Темин с досадой помотал головой.
— А ведь ты несколько раз скользнул по личинке взглядом. Да, да, я проследил! Между прочим, у неё очень выразительная внешность. Вот она. Каково страшилище? Но тебя почему-то больше интересовало то, что над водой, а она в воде — сидит там, на стебле.
— Положим, таким способом и я тебя могу подловить, — буркнул Темин.
— Не сомневаюсь. Но согласись, что даже в такой простой ситуации тебе пришлось туго, хотя ты заведомо знал, что личинка не может быть ни облаком, ни кувшинкой, ни водомеркой. А каково неизвестно где искать неизвестно что? Вот рассуди: могла бы при дворе фараона гореть электрическая лампочка? Не смейся. Для этого нужен источник тока; можно обойтись простым, но сильным гальваническим элементом. Необходимые электролиты, металлы египтянам были известны. Остаётся выковать проволочку, взять два угольных стержня, свести их — и вот вам, пожалуйста, электрическая дуга! Все в пределах тогдашних возможностей. Но надо искать “неизвестно где неизвестно что…”. Внимание науковедов больше обращено на совершенные, чем на несовершенные, открытия. На то, что им предшествовало, а не на то, что за ними последовало.
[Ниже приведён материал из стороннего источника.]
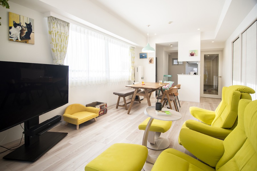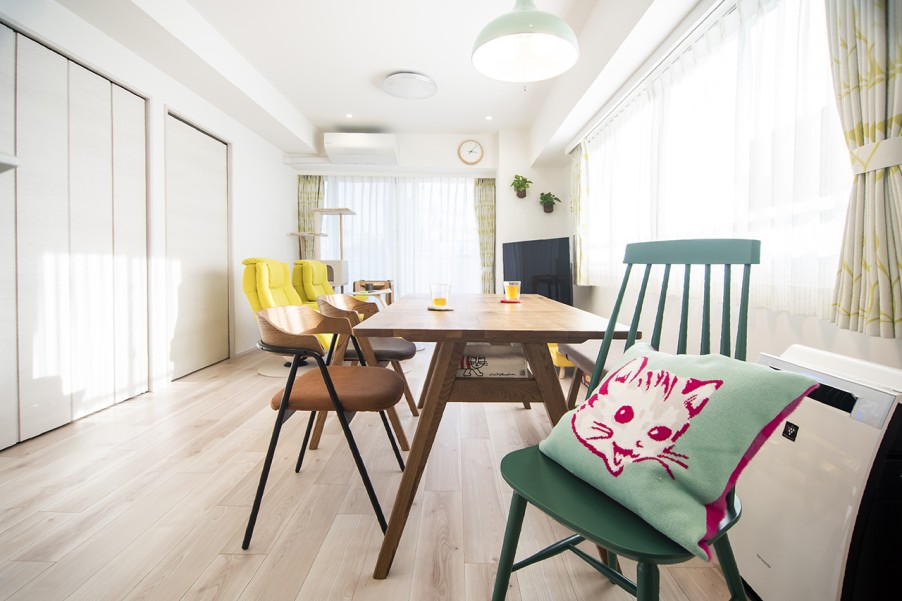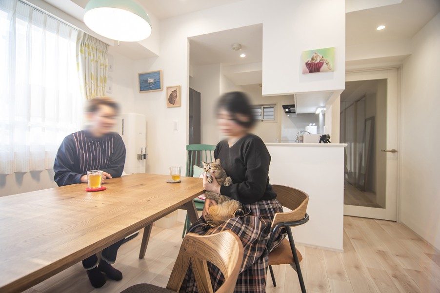 「初めはオーダーリノベーションではなく、リノベーション済物件を検討していました。隣のマンションは綺麗にリノベーションされていて気に入ったのですが、猫と一緒に住むには少し狭かったんです。そこから営業担当の方に物件を紹介いただいたきながら1ヶ月ほどで4件内見しました。この物件は、他の物件を内見する日の朝にタイミング良く見つけて、陽当たりや眺望、マンションの管理状態なども良かったので、その場で申し込みました。外観は綺麗ですが、内装は新築時から手が加えられていなかったため古く感じ、水まわりは特に一新したいと思ったのでオーダーリノベーションすることにしました。『マイリノ』なら設計や施工まで一括してお任せでき、不動産仲介手数料が半額になると聞いて、数多くの物件を手掛けているのも見てそのままお願いしました。これまで不動産をこまめに見ていたわけではなかったので、ポストにチラシが入っていなければグローバルベイスとは出会わなかったかもしれないですね。」(H様)

Сменим точку зрения. О, тут открываются любопытные вещи! Стоит кому-нибудь обнаружить новое явление, как тотчас все замечают его повсеместность. Открытие радиоактивности урана быстро потянуло за собой открытие множества радиоэлементов и радиоизотопов в горных породах, воде, везде, всюду. Изобретение сонара раскрыло глаза на роль звуколокации в живой природе. Едва был создан мазер, как мазерное излучение обнаружилось в далях Галактики. Раньше глаз, что ли, не было? Они-то были, узнавания не было. Потому любой ищущий делает то же самое, что делал ты. Мы рисуем в воображении модель возможного явления, строим некий гипотетический образ и сверяем его с действительностью. Но разнообразие явлений бесконечно. Собственно, получается так, что любому придуманному явлению, если оно не противоречит законам природы, в той или иной мере соответствует реальный аналог.
— Уф! — сказал Темин. Он с тоской покосился на замершие поплавки. — Более чем любопытно. Но, если все так, как ты говоришь, должна оправдываться любая гипотеза, даже фантазия.
— Ты забываешь, что мы видим лишь то, что нам позволяют видеть наши глаза и приборы. Вне их возможностей мы слепы. И ещё мы ограничены в общем-то Землёй, ближним космосом, где, естественно, не может проявиться все разнообразие природы. Глубины вселенной мы едва различаем. Но зачем из-за этого ограничивать поле мысленных экспериментов? Если бы у нас было не четыре, а четыреста удочек, то даже сейчас у нас бы клевало. Метод, которому многие следуют бессознательно, я применяю осознанно. В неведомое я стараюсь закинуть как можно больше удочек, любых, подчас наобум, куда никто никогда не закинет. Порой я говорю дичь? Возможно. Но ещё никому не удавалось развить способность без тренировки. Сознаюсь: здесь, на отдыхе, я широко открываю шлюзы, потому что ты не исследователь. Среди коллег я предпочитаю не рисковать репутацией серьёзного учёного.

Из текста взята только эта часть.